**BRIEF**
Produce a word-for-word copy of the lines from the one that contains "実際に使用してみたところ、動" to the final line of the data below, with all pictures dropped.

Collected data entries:
====
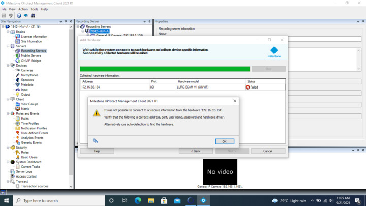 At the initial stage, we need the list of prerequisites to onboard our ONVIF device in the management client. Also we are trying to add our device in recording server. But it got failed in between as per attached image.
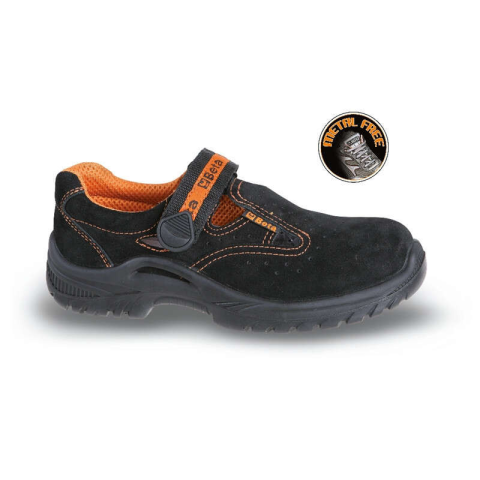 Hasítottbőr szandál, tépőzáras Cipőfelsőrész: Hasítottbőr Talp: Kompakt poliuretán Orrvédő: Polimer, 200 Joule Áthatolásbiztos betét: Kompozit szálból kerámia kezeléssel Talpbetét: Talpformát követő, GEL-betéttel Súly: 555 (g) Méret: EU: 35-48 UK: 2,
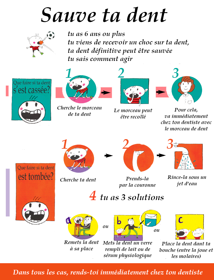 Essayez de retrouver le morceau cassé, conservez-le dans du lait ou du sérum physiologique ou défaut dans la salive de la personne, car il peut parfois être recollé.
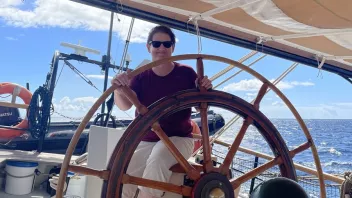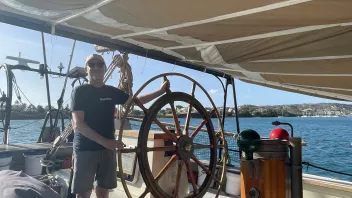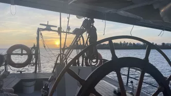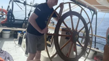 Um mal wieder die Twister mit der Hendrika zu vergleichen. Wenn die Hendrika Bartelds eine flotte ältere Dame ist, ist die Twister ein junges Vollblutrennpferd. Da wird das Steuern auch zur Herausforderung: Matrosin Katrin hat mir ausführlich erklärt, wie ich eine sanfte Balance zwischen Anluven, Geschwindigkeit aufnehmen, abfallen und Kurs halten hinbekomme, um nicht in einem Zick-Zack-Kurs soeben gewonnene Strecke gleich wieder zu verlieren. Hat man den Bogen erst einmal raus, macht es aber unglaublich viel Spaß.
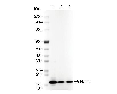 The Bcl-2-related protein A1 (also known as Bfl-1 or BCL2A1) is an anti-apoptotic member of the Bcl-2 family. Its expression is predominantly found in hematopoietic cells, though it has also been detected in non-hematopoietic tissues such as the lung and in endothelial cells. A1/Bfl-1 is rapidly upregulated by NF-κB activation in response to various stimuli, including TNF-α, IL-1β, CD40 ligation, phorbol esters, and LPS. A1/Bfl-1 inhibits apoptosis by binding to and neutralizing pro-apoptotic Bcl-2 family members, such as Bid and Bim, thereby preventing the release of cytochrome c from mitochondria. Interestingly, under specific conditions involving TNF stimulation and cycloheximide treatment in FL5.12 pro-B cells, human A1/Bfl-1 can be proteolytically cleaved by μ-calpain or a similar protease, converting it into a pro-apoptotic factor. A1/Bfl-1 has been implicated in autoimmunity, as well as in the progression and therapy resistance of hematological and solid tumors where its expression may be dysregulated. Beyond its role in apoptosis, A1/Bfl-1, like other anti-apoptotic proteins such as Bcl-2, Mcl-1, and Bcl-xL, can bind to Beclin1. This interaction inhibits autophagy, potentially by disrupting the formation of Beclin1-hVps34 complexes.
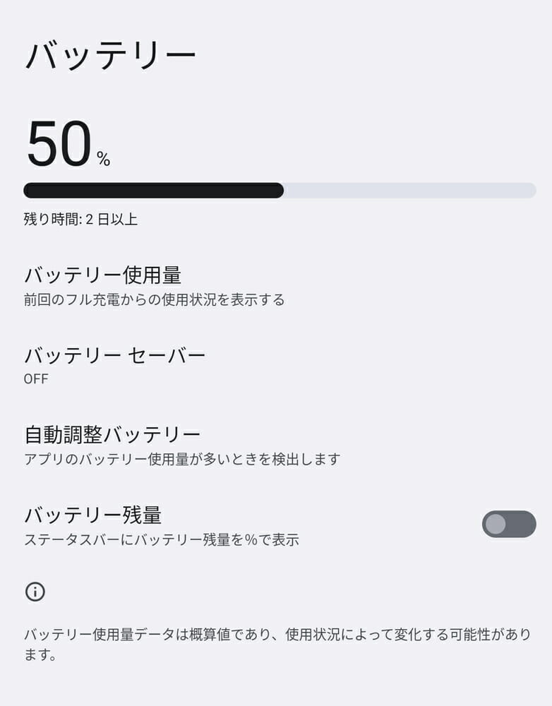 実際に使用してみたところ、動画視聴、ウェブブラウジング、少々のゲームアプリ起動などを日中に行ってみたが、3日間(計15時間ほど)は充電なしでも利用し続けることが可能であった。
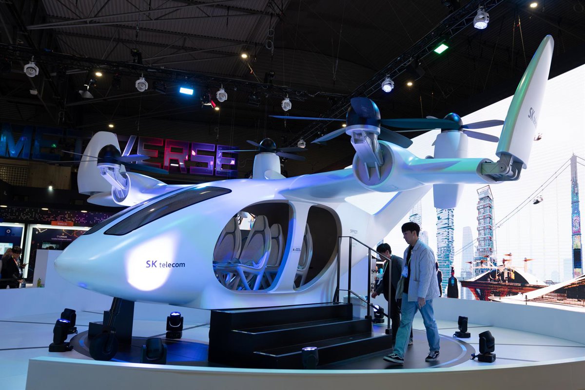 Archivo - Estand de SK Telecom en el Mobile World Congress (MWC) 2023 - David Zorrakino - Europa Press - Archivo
====
**RESPONSE AREA**
 実際に使用してみたところ、動画視聴、ウェブブラウジング、少々のゲームアプリ起動などを日中に行ってみたが、3日間(計15時間ほど)は充電なしでも利用し続けることが可能であった。
 Archivo - Estand de SK Telecom en el Mobile World Congress (MWC) 2023 - David Zorrakino - Europa Press - Archivo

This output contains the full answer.